Randhir Singh, Anil Rai and Prachi Misra
Indian Agricultural Statistics Research Institute,
New Delhi - 110012


Introduction
The last decades witnessed revolutionary changes in the approaches related to spatial problems because of incredible progress in automation and computer technology especially with the introduction of modern Geographic Information System (GIS). It is a powerful tool for storing, retrieving analysing and integrating spatial and non-spatial geographical data apart from drawing any kind of maps. The development of spatial statistical techniques has been accelerated parallel to this rapid growth of GIS technologies and there is a need to integrate the GIS, and spatial statistical techniques and remote sensing.

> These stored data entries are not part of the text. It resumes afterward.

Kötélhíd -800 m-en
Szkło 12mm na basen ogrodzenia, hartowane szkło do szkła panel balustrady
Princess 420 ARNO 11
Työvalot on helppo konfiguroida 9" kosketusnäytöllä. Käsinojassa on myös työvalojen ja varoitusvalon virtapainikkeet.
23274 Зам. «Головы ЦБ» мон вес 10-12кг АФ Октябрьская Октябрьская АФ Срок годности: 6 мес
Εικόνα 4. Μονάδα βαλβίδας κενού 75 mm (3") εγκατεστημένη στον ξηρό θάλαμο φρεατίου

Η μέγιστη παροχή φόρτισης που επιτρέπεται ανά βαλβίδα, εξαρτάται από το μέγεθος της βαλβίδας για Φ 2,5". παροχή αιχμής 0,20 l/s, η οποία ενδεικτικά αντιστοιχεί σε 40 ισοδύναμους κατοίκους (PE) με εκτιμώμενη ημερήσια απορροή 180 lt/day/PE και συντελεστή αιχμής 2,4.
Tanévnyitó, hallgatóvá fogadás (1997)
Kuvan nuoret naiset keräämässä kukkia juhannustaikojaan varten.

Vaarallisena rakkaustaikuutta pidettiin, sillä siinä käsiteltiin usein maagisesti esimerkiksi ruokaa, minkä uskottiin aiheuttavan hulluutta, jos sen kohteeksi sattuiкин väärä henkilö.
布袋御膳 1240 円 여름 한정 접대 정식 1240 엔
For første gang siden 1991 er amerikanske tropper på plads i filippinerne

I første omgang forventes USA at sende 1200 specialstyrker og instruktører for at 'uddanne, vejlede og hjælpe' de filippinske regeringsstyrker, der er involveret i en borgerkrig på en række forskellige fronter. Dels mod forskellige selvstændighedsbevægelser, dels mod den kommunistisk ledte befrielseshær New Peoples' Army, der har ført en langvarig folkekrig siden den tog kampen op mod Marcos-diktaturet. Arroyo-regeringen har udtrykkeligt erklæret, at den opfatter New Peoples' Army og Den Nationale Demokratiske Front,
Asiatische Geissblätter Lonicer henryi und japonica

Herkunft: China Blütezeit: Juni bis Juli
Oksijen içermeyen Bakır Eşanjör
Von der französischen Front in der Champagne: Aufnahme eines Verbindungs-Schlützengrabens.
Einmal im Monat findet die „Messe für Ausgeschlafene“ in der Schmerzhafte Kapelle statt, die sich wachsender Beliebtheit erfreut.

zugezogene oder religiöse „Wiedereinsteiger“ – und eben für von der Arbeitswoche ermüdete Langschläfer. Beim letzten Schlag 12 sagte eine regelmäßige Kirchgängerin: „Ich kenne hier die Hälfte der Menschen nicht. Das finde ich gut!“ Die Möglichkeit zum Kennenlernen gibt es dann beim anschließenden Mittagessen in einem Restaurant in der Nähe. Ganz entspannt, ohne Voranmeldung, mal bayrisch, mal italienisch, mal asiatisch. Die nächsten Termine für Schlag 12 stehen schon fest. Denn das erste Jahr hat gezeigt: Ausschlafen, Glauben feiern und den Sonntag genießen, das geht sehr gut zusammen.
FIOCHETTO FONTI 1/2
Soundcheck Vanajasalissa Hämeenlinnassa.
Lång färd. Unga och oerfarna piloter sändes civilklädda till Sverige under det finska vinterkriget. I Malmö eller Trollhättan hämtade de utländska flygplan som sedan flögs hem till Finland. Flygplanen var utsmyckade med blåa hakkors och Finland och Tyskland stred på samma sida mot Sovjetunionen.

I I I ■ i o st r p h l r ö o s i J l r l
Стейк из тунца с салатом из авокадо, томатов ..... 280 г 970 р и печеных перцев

A number of organisations in India are engaged in developing suitable applications of remote sensing technology. The initial success of these led to the formulation of crop acreage and production estimation (CAPE) project which was firrst major project launched under Remote SENSING Application Mission (RSAM) and Department of Space (DOS) in 1986. First indepenent attempt in the country towards the use of satellite digital data was made in karnal district of Haryana using Landsat MSS data by (1989). Dadhawal and Sridhar (1986), Panikar et al. (1987), Dadhawal et al. (1987), Murthy et al. (1996) etc. have made significant contributions towards acreage and production estimation of rice and wheat in the country. Singh, et al. (1992) and Goyal, et al. (1994) presented the use of satellite data alongwith survey data for improving the efficiency of crop yield estimators. The applications of Remote Sensing and GIS for Land Use Planning under different projects underaken in the country has been considered by Krishnamurthy and Adiga (1987).

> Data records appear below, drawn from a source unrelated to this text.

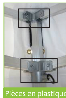
Pièces en plastique
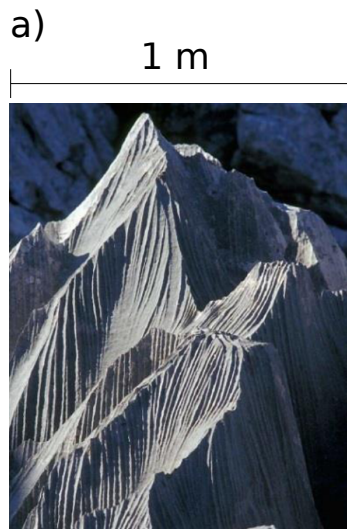
Calcaire (Slovénie).
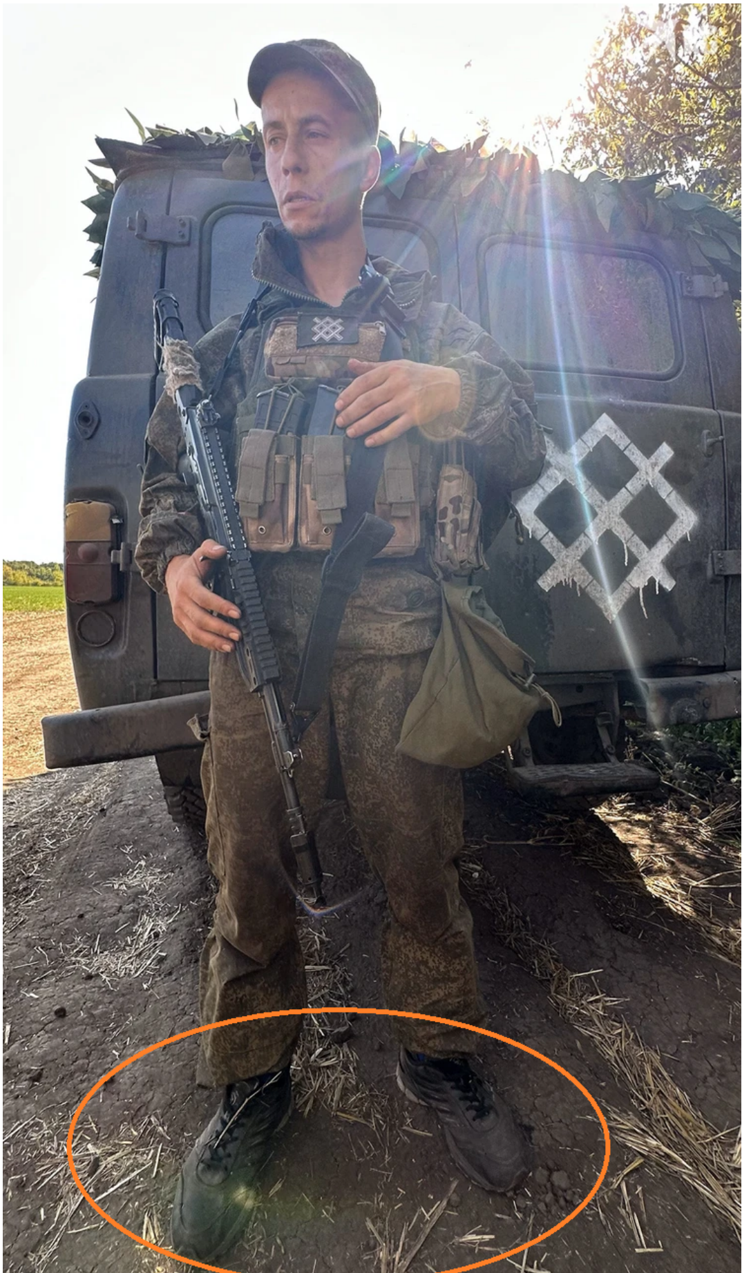
Příslušník 9. pluku 18. divize 11. armády operační skupiny Sever generála Lapina s volacím znakem Fox vyfotografováný 27. srpna těsně po průlomu ze 14 dní trvajících obklíčení v ženské věznici
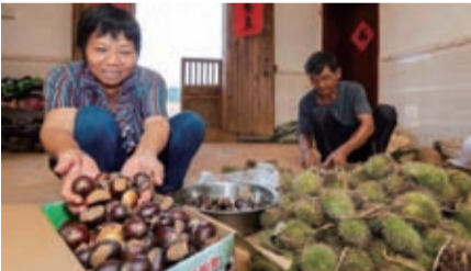
大埔縣大東鎮的村民正忙着將板栗裝箱準備運至珠三角。
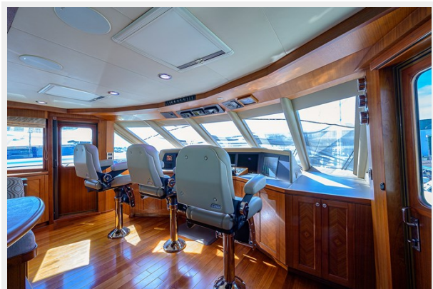
Wiggle Room_Enclosed Flybridge6
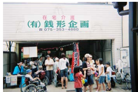
《本格屋台はいつも行列》
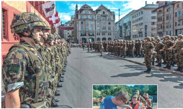
Abb. 2: Aus Blogs wusste man, was an Störaktionen geplant war. Ein Dispositiv der Kantonspolizei ermöglichte den reibungslosen Ablauf der Fahnenrückgabe auf dem Basler Marktplatz.

Für die Truppe wurden allein während der Übung vier Ausgaben der Truppenzeitung «sGemsch» produziert, die mittels Fotos, Interviews und Berichten Hintergründe zum Bataillon, zum GWK und zur Ter Reg 2 lieferten. Dies wurde von den Soldaten sehr geschätzt.
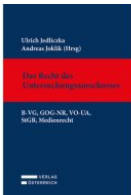
Das Recht des Untersuchungsausschusses Ladenpreis: 139,00EUR

Wir haben andere Produkte gefunden, die Ihnen gefallen könnten!
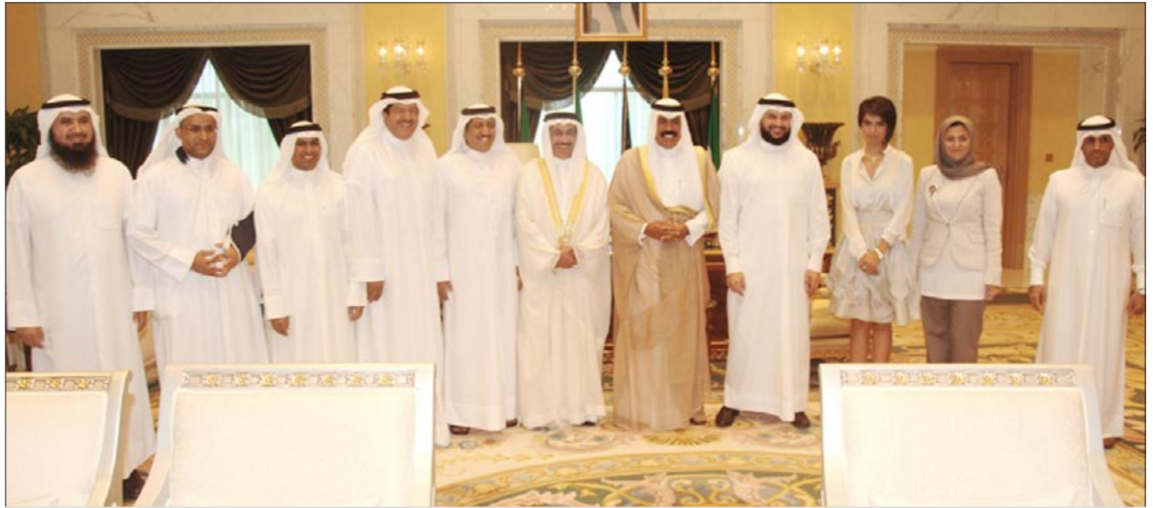
سمو ولي العهد الشيخ نواف الأحمد مستقبلاً رئيس وأعضاء مجلس إدارة جمعية المهندسين

وقد حضر المقابلة رئيس ديوان سمو ولي العهد الشيخ مبارك الفيصل واستقبل سموه بقصر السيف أمس أحمد باقر، كما استقبل سمو ولي العهد بقصر السيف أمس عضو مجلس الإمتة النائب حسين الحريتي.

In case of spatial analysis the data can be described in three ways
  1. point
  2. line
  3. area or polygons.
A point refers to a single plae and is usually considered as having no dimension or having dimension which is negligible when compared to study area such location of industries, houses etc. Line data or networks can be found in GIS to describe economic features like rivers transportation system etc. Data arranged on polygons have a particular relevance if a GIS is designed to assist agricultural or socio-economic survey with the help of remote sensing data. The sampling units in these surveys are based on the area frame obtained with the help of satellite image or geographical areas like villages, cities, regions etc. There are mainly three important sources of spatial data, census, surveys and satellite image of geographical area.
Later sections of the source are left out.